Washington University, Saint Louis MO

Investigators

Linked publications, trials & patents

Abstract

DESCRIPTION (provided by applicant): Ebola virus is a category A priority pathogen and a causative agent of viral hemorrhagic fever. Enhanced pathogenicity displayed by the Ebola virus is achieved through simultaneous inhibition of host immune responses and enhanced production of viral proteins and RNA. However, the exact nature of the interactions between the Ebola virus and host cells that promote viral infection and propagation are poorly understood. Consequently, no vaccines or antiviral agents against Ebola are currently available. These factors combined, underscore the need for detailed structural and functional characterization of the Ebola viral components.
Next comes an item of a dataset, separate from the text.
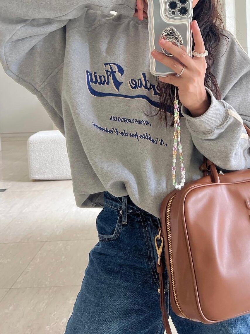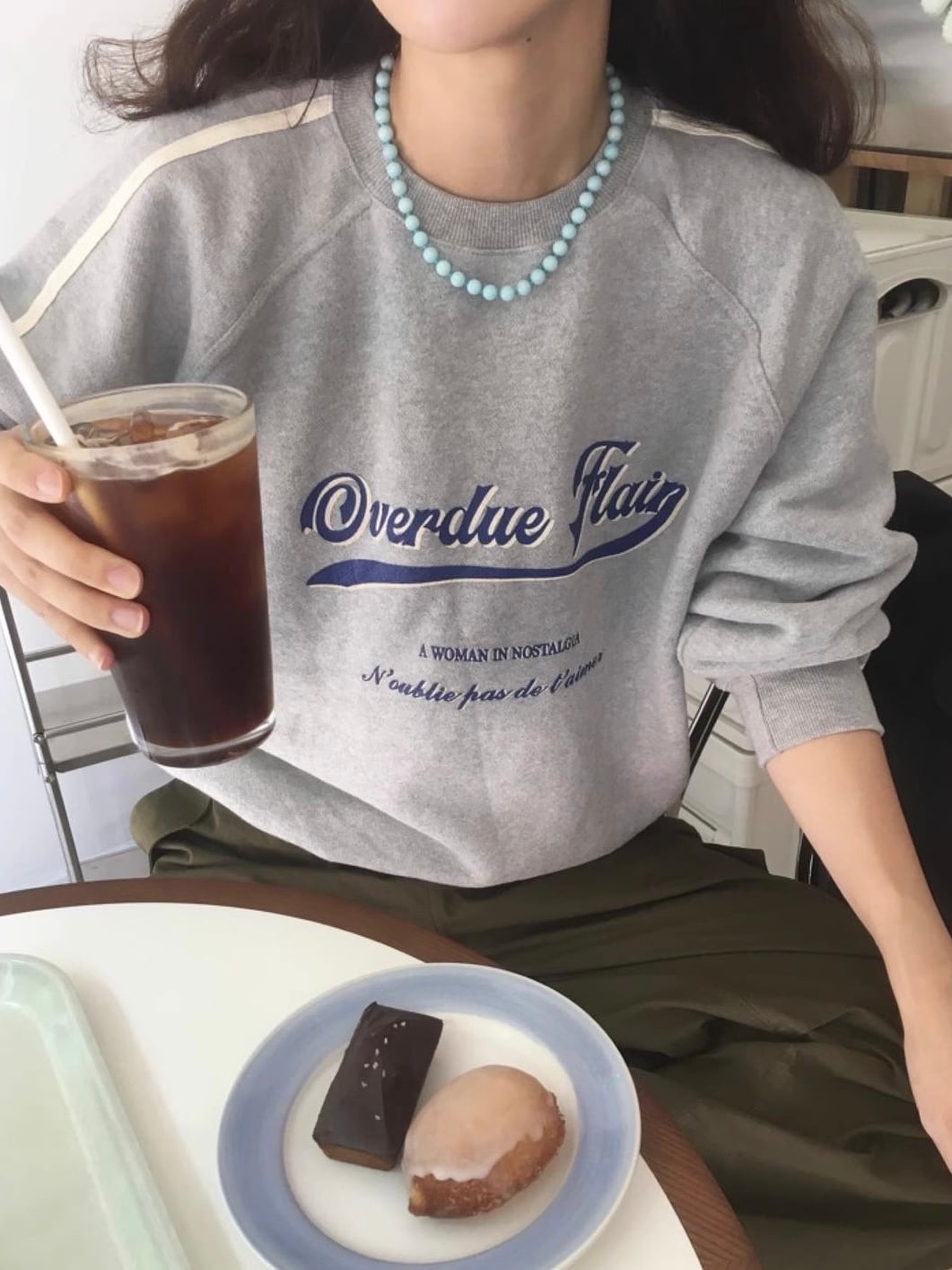 グレーとブルーのロゴが相性抜群なトレーナー。
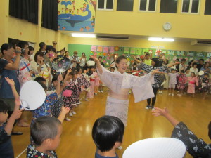今日は楽しみにしていた「七夕祭り」です。甚平や浴衣を着て登園してきた子どもたちは、とてもかわいらしかったです。

Ebola VP35 protein is an important virulence factor required in several viral lifecycle stages, including viral assembly, genome replication, packaging, viral transcription, and antiviral activity toward the host innate immune system. Overall goal of the research program is to explore host-viral interactions that lead to immune evasion. The proposed study, using recombinantly expressed non-infectious VP35 protein, will examine the structure of VP35 and characterize its antiviral activity using biochemical methods. These studies will significantly improve our understanding of how VP35 functions to enhance viral pathogenesis and facilitate the design of novel diagnostic and therapeutic strategies to disrupt critical host-pathogen interactions.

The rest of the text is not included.